# What is needed
Exactly the lines below, starting with the one containing "were no findings" and going on through the one containing "DBZ2308, DBZ2303 &", must be reproduced, both ends included, and no pictures with them.

# Provided data
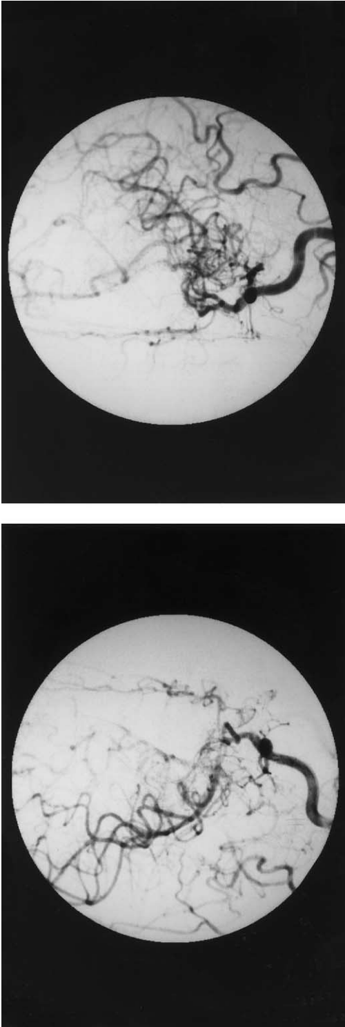
Fig. 4. Cerebral angiogram on the 20th hospital day at Osaka City General Hospital.

were no findings compatible to new hemorrhagic cerebral infarctions at the basal ganglia.
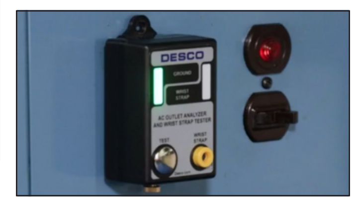
Figure 5. Verifying a properly wired AC outlet

The Ground LED will illuminate red and the audible alarm will sound if the outlet's wiring is incorrect or the path to equipment ground via the equipment grounding conductor is not intact.
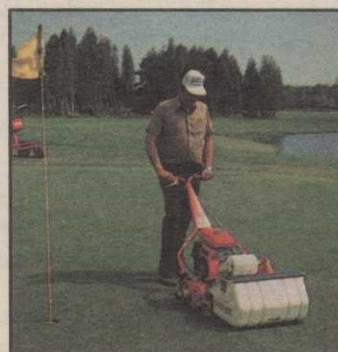
7. Brouwer Greens Mower
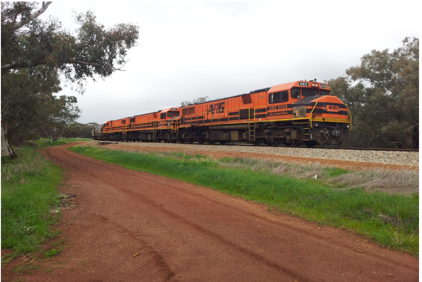
DBZ2308, DBZ2303 & DBZ2312 on 3363 empty grain outside Northam August 14th.
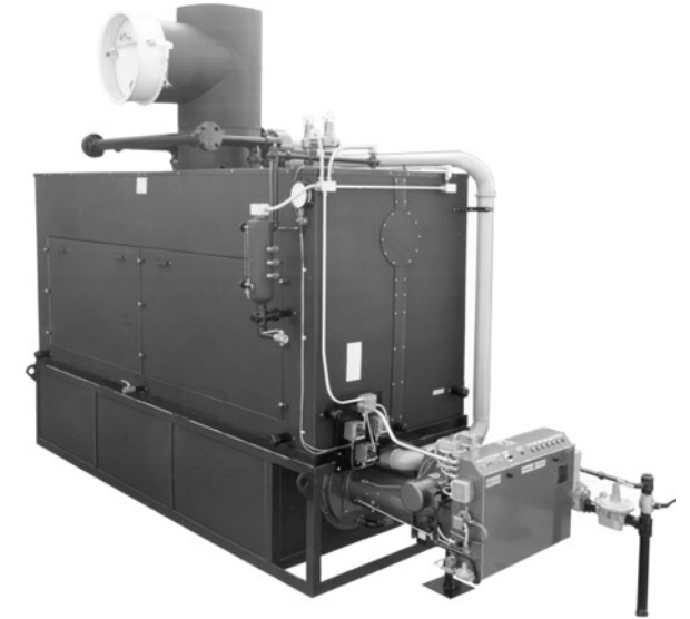
Power Burners Oil or Combination Fired Low NOx Available
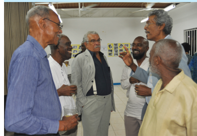
Noble Laureate, Hon. Derek Walcott and friends chatting about the 'good old days'.
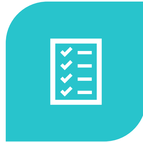
LEACHATE AERATION WORK PLAN
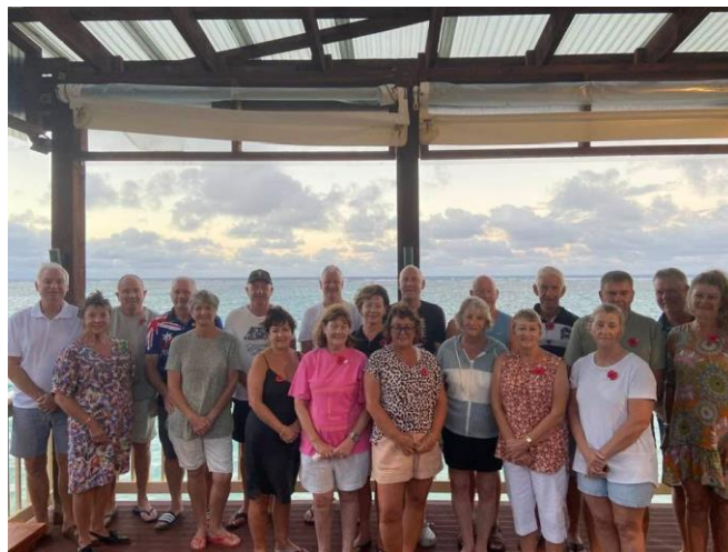
Cook Island Dawn Service

This year I was at the Cook Islands celebrating a 70 th birthday with one of my friends. All who attended the birthday assembled for the Dawn service at our Resort which was followed by a Cannon fire breakfast.

# Response to the task
were no findings compatible to new hemorrhagic cerebral infarctions at the basal ganglia.
Figure 5. Verifying a properly wired AC outlet

The Ground LED will illuminate red and the audible alarm will sound if the outlet's wiring is incorrect or the path to equipment ground via the equipment grounding conductor is not intact.
7. Brouwer Greens Mower
DBZ2308, DBZ2303 & DBZ2312 on 3363 empty grain outside Northam August 14th.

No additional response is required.